Urinary NAG concentration (U/l) was quantified using a colorimetric assay in which a 3-cresolsulfonphthaleinyl-N-acetyl-β-D-glucosaminidase substrate was hydrolysed by NAG with the release of 3-cresolsulfonphthalein (3-cresol purple) in alkaline conditions.²⁴ The NAG index (U/g) was calculated by dividing the NAG concentration into the urine creatinine concentration ratio.

Statistical analysis

All statistical data were analysed using SPSS Statistics, version 17.0 (IBM). The significance level was considered to be P <0.05, and quantitative data on urinary NAG concentration, NAG index, urine protein and UPC were taken as the logarithm (log) for normalised distribution. Quantitative data were reported as mean ± SEM. The differences between groups of NAG indexes were tested using an independent t-test, and the correlation between the log NAG index and serum creatinine or the log UPC was drawn using the Pearson correlation.

Results

Thirty-eight cats were included in the study: 19 clinically normal cats and 19 FIC cats.

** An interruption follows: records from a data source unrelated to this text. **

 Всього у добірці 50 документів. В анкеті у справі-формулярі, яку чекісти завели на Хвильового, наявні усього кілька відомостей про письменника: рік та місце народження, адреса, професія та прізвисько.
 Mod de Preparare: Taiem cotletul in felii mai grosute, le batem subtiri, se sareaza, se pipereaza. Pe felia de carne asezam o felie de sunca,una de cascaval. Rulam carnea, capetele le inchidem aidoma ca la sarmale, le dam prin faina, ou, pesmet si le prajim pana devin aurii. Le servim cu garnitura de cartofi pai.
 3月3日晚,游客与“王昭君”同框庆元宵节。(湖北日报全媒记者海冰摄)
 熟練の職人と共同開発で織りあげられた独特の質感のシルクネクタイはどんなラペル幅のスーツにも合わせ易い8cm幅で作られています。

The mean ± SD ages of the clinically normal cats and the FIC cats were 3.42 ± 0.81 and 3.55 ± 0.56 years, respectively, and the mean ± SD weight of the FIC cats (4.38 ± 0.21 kg) was higher than that of the clinically normal cats (3.58 ± 0.22 kg) (P <0.05). Domestic shorthair cats (33/38; 86.8%) were the most prevalent breed in this study. There were also four Persians (10.5%) and one (2.6%) American Shorthair in the FIC group. There were eight intact males (8/19; 42.1%), five castrated males (5/19; 26.3%), one intact female (1/19; 5.3%) and five neutered females (5/19; 26.3%).

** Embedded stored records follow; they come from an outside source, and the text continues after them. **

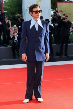 深受古驰(Gucci)喜爱的Harry Styles,这次同样穿上Gucci服装走红毯,这套深蓝色的西装套装,带有浮夸的领口及垫肩设计,打破传统正规的西装,同时更能突显他独有的时尚品味。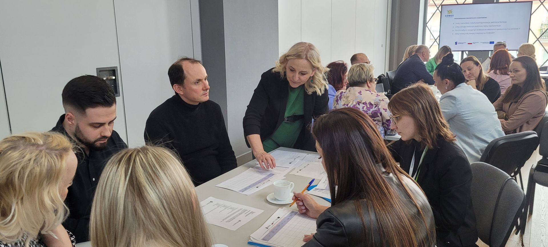 Po przerwie kawowej odbyła się druga część spotkania, której celem było zainicjowanie sieciowania podmiotów działających w obszarze usług społecznych. Uczestnicy pracowali warsztatowo przy stolikach, tworząc listę usług możliwych do wymiany i stanowiących potencjalną bazę dla współpracy. Równocześnie prowadzona była moderowana dyskusja nad projektem regulaminu Forum oraz deklaracją przystąpienia. Spotkanie pozwoliło na wypracowanie wspólnych rekomendacji i określenie kierunków dalszych działań.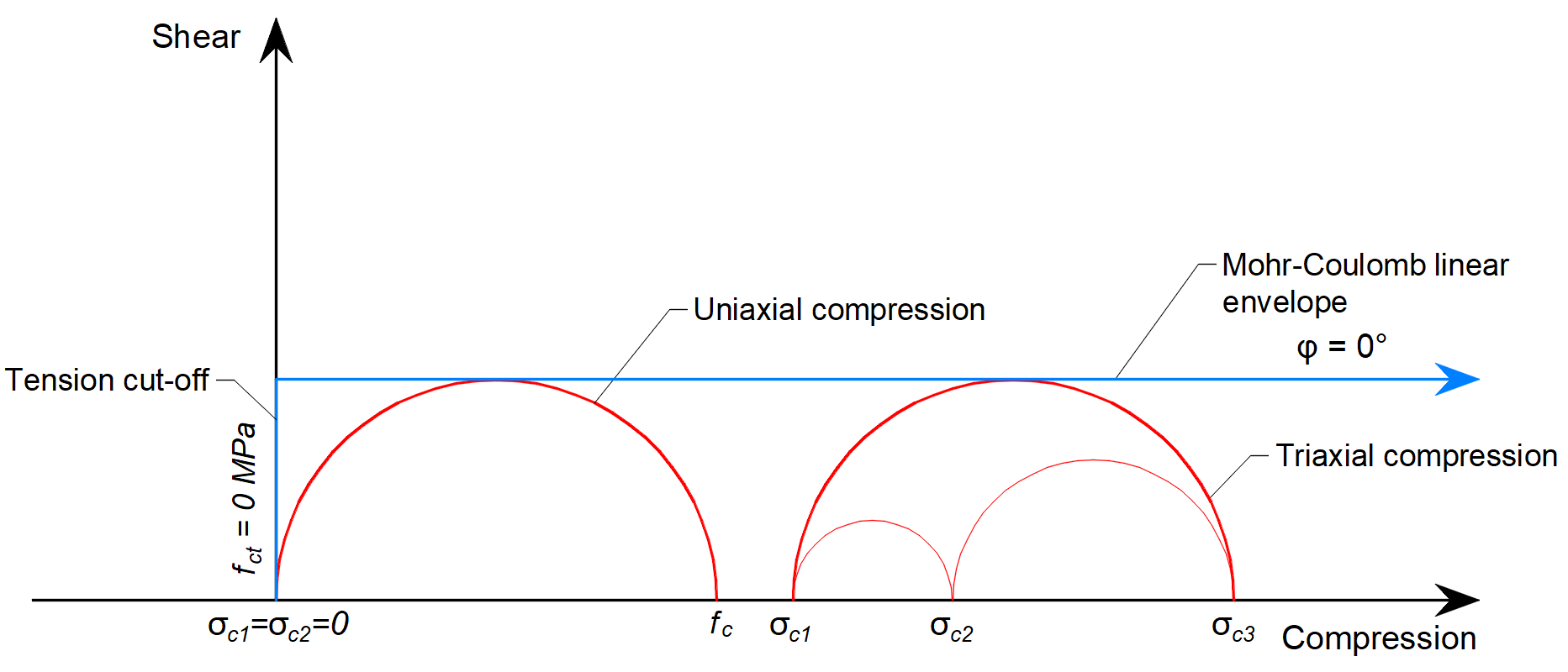 \[ \textsf{\textit{\footnotesize{Fig. 6\qquad Mohr's circles for concrete}}}\]

The completed blood count and blood chemistry results for all cats were within reference intervals,¹⁹ and the urine specific gravity of each cat was >1.035. Most cats (35/38; 92.1%) had a urine pH of between 6.0 and 7.0. Only 1/19 (5.3%) FIC cats had a urine pH of 8.0. A dipstick protein reaction of 3+ was found in the urine samples of FIC cats (4/19; 21.1%). All clinically normal cats and some of the FIC cats (7/19; 36.8%) had more than three white blood cells per high power field in their urine samples. However, cats with idiopathic cystitis (9/19; 47.4%) had numerous red blood cells (more than three cells per high power field). Struvite was the most common crystal found in the urine of FIC cats (4/19; 21.1%) (Table 1).

Table 1

Urinalysis results in clinically normal cats and cats with idiopathic cystitis

Parameter	Value	Clinically normal cats (n = 19)		FIC cats (n = 19)
		n	%	n	%
USG	⩾1.035	19	100.0	19	100
pH	6–7	17	89.5	18	94.7
	>7	2	10.5	1	5.3
Protein	Negative1+	11 7	57.936.8	3 7	15.836.8
	2+	1	5.3	5	26.3
	3+	–	–	4	21.1
uWBC	0–3/HPF	19	100.0	12	63.2
	>3/HPF	–	–	7	36.8
uRBC	0–3/HPF	19	100.0	10	52.6
	>3/HPF	–	–	9	47.4
Crystal	0	19	100.0	14	73.7
	Struvite	–	–	4	21.1
	CaOX	–	–	1	5.2

FIC = feline idiopathic cystitis; USG = urine specific gravity; uWBC = white blood cells in urine; HPF = high power field; uRBC = red blood cells in urine; CaOX = calcium oxalate

Proteinuria and NAG index analysis

Although the mean ± SEM of the NAG index in cats with idiopathic cystitis (4.79 ± 1.53 U/g) was higher than that in clinically normal cats (2.14 ± 0.48 U/g), NAG index was not significantly different between groups (Table 2; Figure 1). FIC cats had a higher mean ± SEM of urine protein than did clinically normal cats (P <0.05). In the same trend, the mean ± SEM of the UPC in FIC cats (0.70 ± 0.19) was higher than that in clinically normal cats (0.14 ± 0.02) (P <0.05) (Table 2; Figures 2 and 3).

Table 2

Urine creatinine (UCr), N-acetyl-β-D-glucosaminidase (NAG), NAG index, urinary protein (Uprotein) and urine protein to creatinine ratio (UPC) in clinically normal cats and cats with feline idiopathic cystitis (FIC)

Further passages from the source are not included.